Abstract
In this study, the decay energy productions rate of the SMART reactor core and assemblies were analyzed by using SCALE/Triton depletion sequences. The fuel elements and assemblies were modeled based on technical and operational design data. Time and problem dependent cross sections were generated for the reactor and used in the fuel depletion and decay analysis. The heat generation calculations during operation showed an energy production of 21.6 MW at the beginning of the cycle, the contribution of decay heat to the total reactor power (P/Po) was 6.5% in the BOC and drops to 6.3% toward EOC. Post-shutdown calculations of the decay energy produced per assembly resulted in a decreased from 0.356, 0.369, 0.363 MW at shutdown to 0.261, 0.271 and 0.266 kW after five years, for assembly type A, B, and C respectively.

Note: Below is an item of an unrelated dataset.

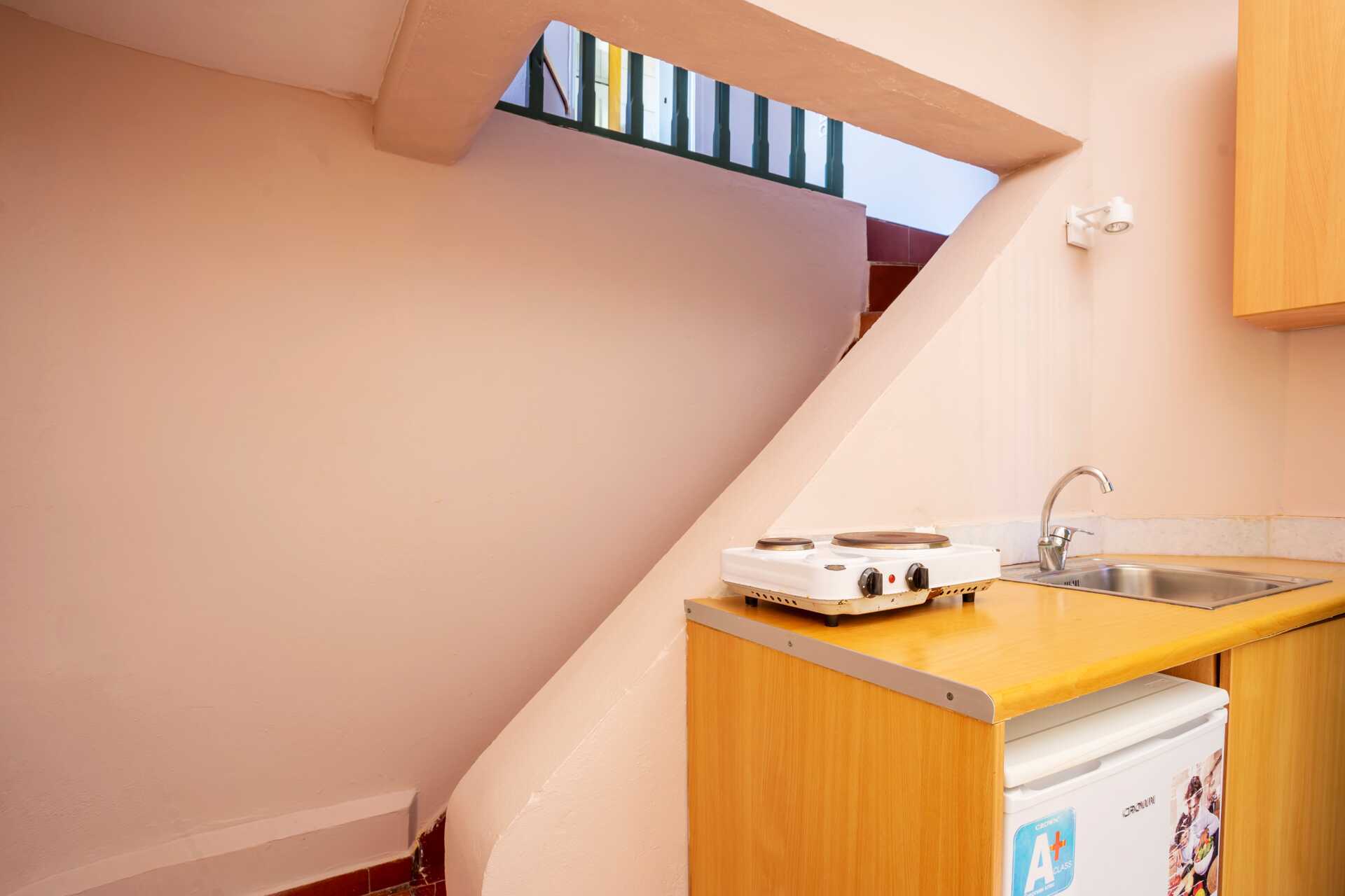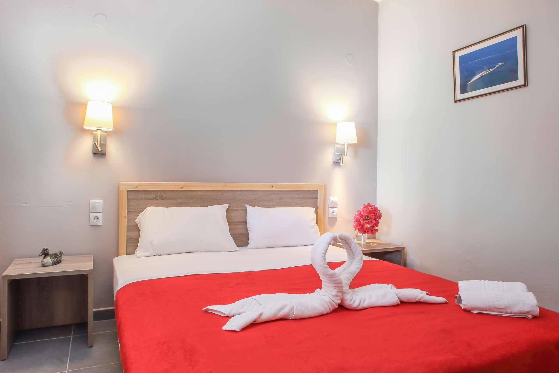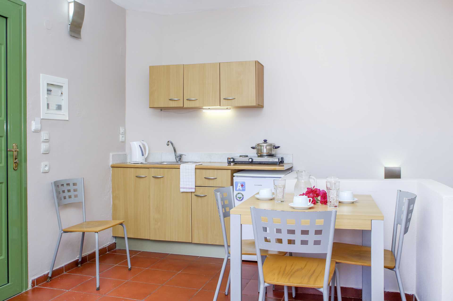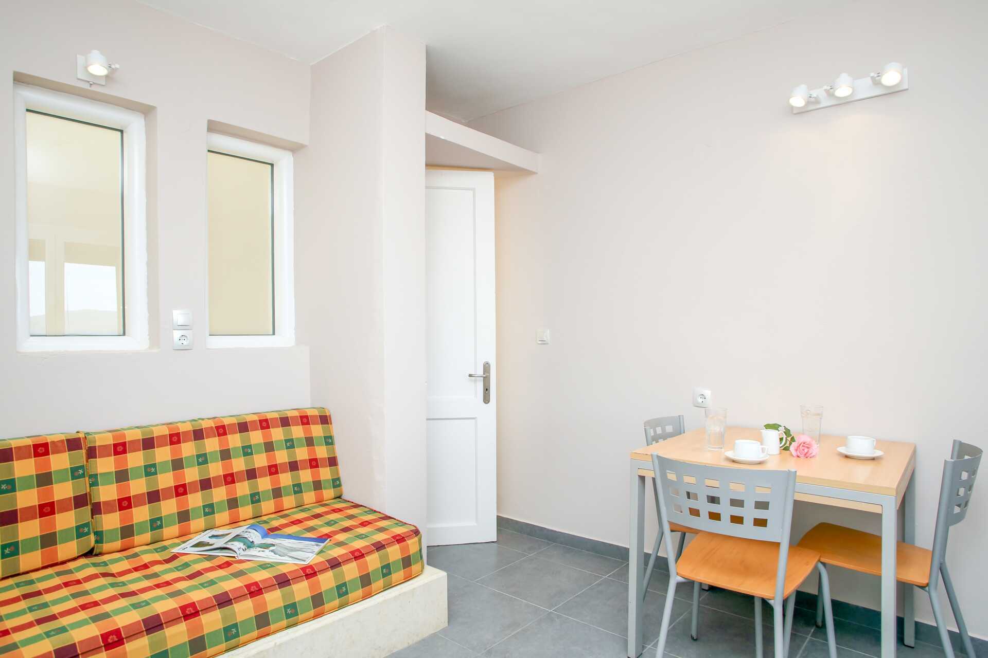 Ej renoverade tvårumslägenheter i etage och av varierande storlek och standard. Balkong med begränsad havsutsikt. En trappa upp finns sovrum och badrum. På entréplan finns ett kombinerat vardagsrum med ett minikök. Golvfasta sängar - en dubbelsäng eller två enkelsängar. Möjlighet till extrabäddar i bäddbar soffa. Minikök med kokplattor, vattenkokare, kylskåp och enkel köksutrustning. Wifi och luftkonditionering ingår. Tv med lokala kanaler i sovrummet. Hårtork. Badrum med badkar eller dusch samt wc. Städning 3 ggr/vecka.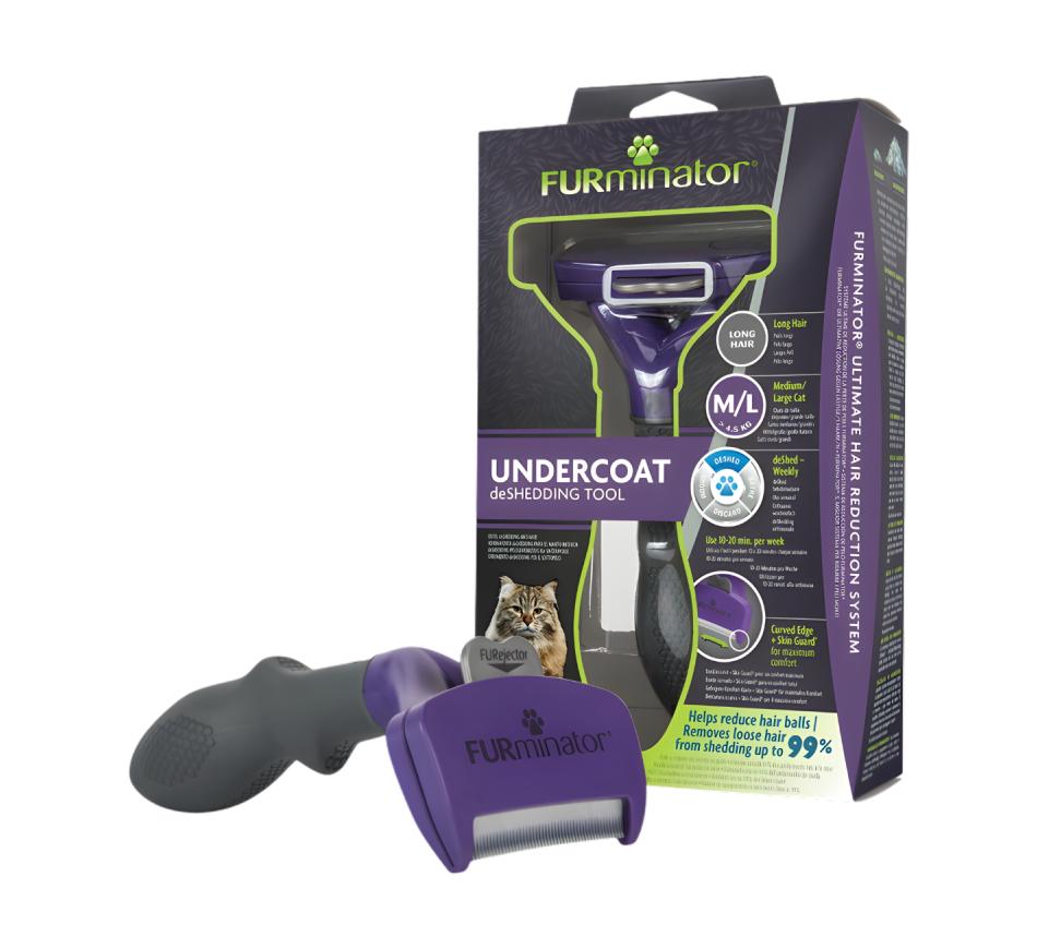 A escova Furminator Undercoat deShedding gato pelo comprido ajuda a reduzir a queda dos pelos soltos até 90% e também ajuda a diminuir a formação de bolas de pelo. Possui uma borda de aço inoxidável que retém todos os pelos e um prático botão para remover mais fácil do que nunca os pelos acumulados na borda da escova, isso permite a remoção dos pelos soltos sem danificar a pelagem externa ou cortar a pele, quando a ferramenta é usada conforme as instruções.

Decay heat is generated mainly from short-lived fission products; the fast decay of these radionuclides results in an extreme drop in the decay heat generation hours after shutdown. In the first day after reactor shutdown, the ratio of decay heat to total reactor power (P/Po) drops from 6.3% to only 0.53%. System ability to remove this amount of heat from the reactor core during this period is crucial to the reactor safety. Loss of coolant and failure to remove decay heat is a substantial threat to fuel integrity and may lead to overheating and core meltdown.
The reactor core decay heat was calculated for 30 years cooling period; results show that core energy decreases exponentially with time, from 20.8 MW to only 6.8 kW after 30 years. The decay heat as a function of time was calculated and compared to the total reactor power. The energy production of the top 30 heat generating radionuclides and their contribution to reactor decay heat were also estimated.